When wait is false, returns immediately with runId, process metadata, compact numeric progress, and current results.json status. Poll get_run_status with that runId until state is completed, failed, or timedOut. The server parses Playwright progress markers such as [528/662] from stdout and discards raw stdout/stderr text so repeated polling stays token-efficient. The server allows one active tracked run per working directory, caps active tracked runs globally, and keeps a bounded history of recent terminal runs, so very old runId values can expire.

get_run_status

Returns the current status for a non-blocking run started by run_tests with wait: false.

Input Type Description
runId string (optional) Run identifier returned by run_tests wait=false. When present, this selects a specific tracked run.
workingDirectory string (optional) When runId is omitted, returns the latest tracked run for that directory, or idle if no match. When supplied with runId, it must match that run's directory.

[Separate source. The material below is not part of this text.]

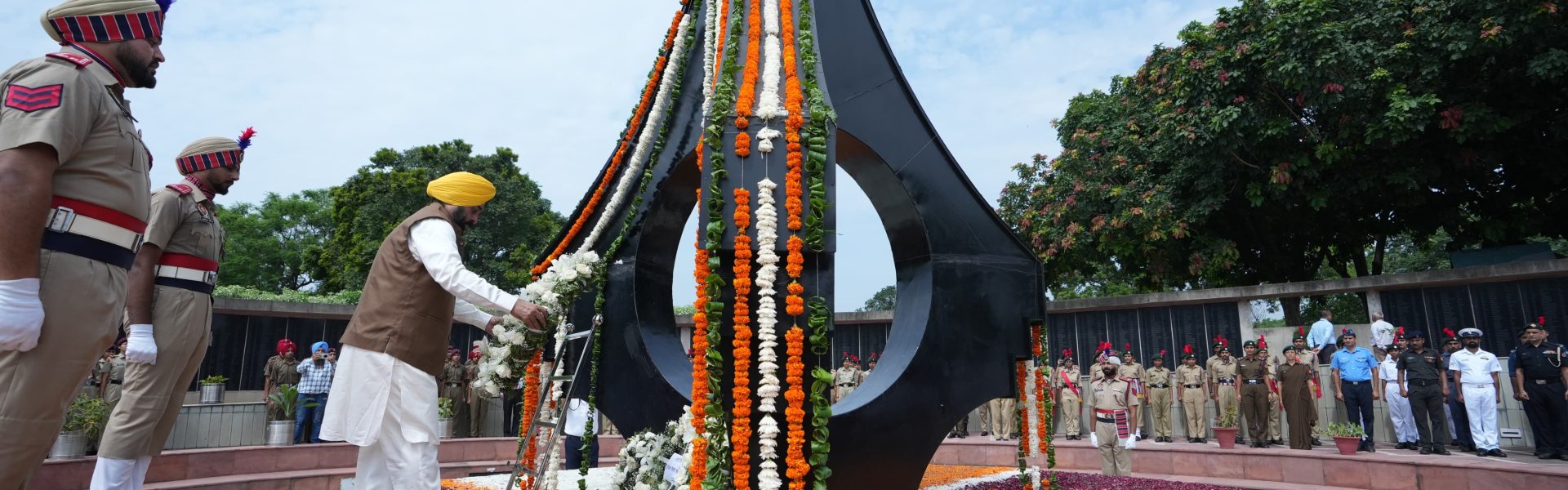 ਸ਼ਹੀਦਾਂ ਵਿਰੁੱਚ ਸ਼ਰਧਾ ਅਤੇ ਸਤਿਕਾਰ ਦਾ ਇਜ਼ਹਾਰ ਕਰਦਿਆਂ ਮੁੱਖ ਮੰਤਰੀ ਨੇ ਬੋਗਨਵਿਲੀਆ ਗਾਰਡਨ ਵਿੱਚ ਸਥਿਤ ਜੰਗੀ ਸਮਾਰਕ ’ਤੇ ਫੁੱਲਾਂ ਦੀ ਮਾਲਾ ਚੜ੍ਹਾਈ ਅਤੇ ਕਾਰਗਿਲ ਜੰਗ ਦੌਰਾਨ ਜਾਨਾਂ ਨਿਭਾਉਣ ਵਾਲੇ ਪੰਜਾਬ ਦੇ ਸੂਰਮਿਆਂ ਨੂੰ ਨਮਨ ਕਰਦਿਆਂ ਸ਼ਰਧਾਂਜਲੀ ਅਰਪਿਤ ਕੀਤੀ।
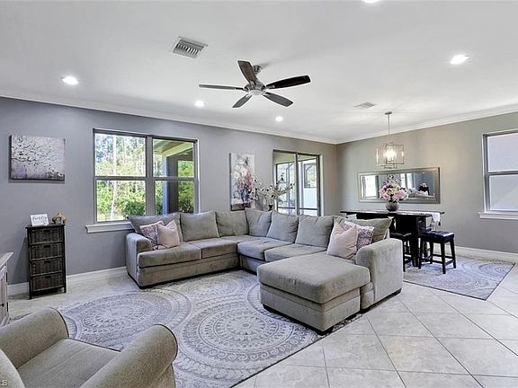 Immaculate 4 b/r nearly new (built 2016) home with the most-desired open concept design featuring a modern island kitchen with plenty of cabinet and counter space. Great for entertaining and for staying involved with family activities while overlooking the great room and open dining area. For convenience, the pantry, laundry room, and entry from the garage are just steps away. The owner's suite is located on the ground floor (3 bedrooms are upstairs with a large living room and a full bath) featuring a walk-in shower with waterfall shower head and floor to ceiling tile. This community is in demand by those who value highly rated schools in Collier County plus proximity Naples beaches, dining, shopping, and recreational opportunities such as the Collier County Water Park - all are nearby. This is a gated, pet-friendly community with low HOA fees, no CDD, and this is a wonderful home with custom paint, crown moulding, specialty lighting, and many more upgrades. Note that the driveway, one of the longest in the community, provides additional parking space, as needed.

If both fields are omitted, workingDirectory defaults to ".". If no run is tracked for the resolved directory, the tool returns state: "idle" plus results.json metadata and last parsed stats when readable. It does not process-scan for external npx playwright test commands that were not started through this MCP server.

Returns: run state, tracking flag, pid, timestamps, elapsed duration, timeout, command metadata, progress: { current, total }, exit code, signal, spawn/timeout error when present, results.json path/existence/mtime/size/freshness, and parsed report stats when the report was updated after the run started. When progress has not appeared yet, current and total are null; when a terminal run has readable final stats, progress is set to the derived completed total.

get_failed_tests

Returns failed tests from the last run with error messages and attachment paths. Does not re-run tests — reads the existing results.json.

Input Type Description
workingDirectory string (optional) See Multi-worktree support. Defaults to ".".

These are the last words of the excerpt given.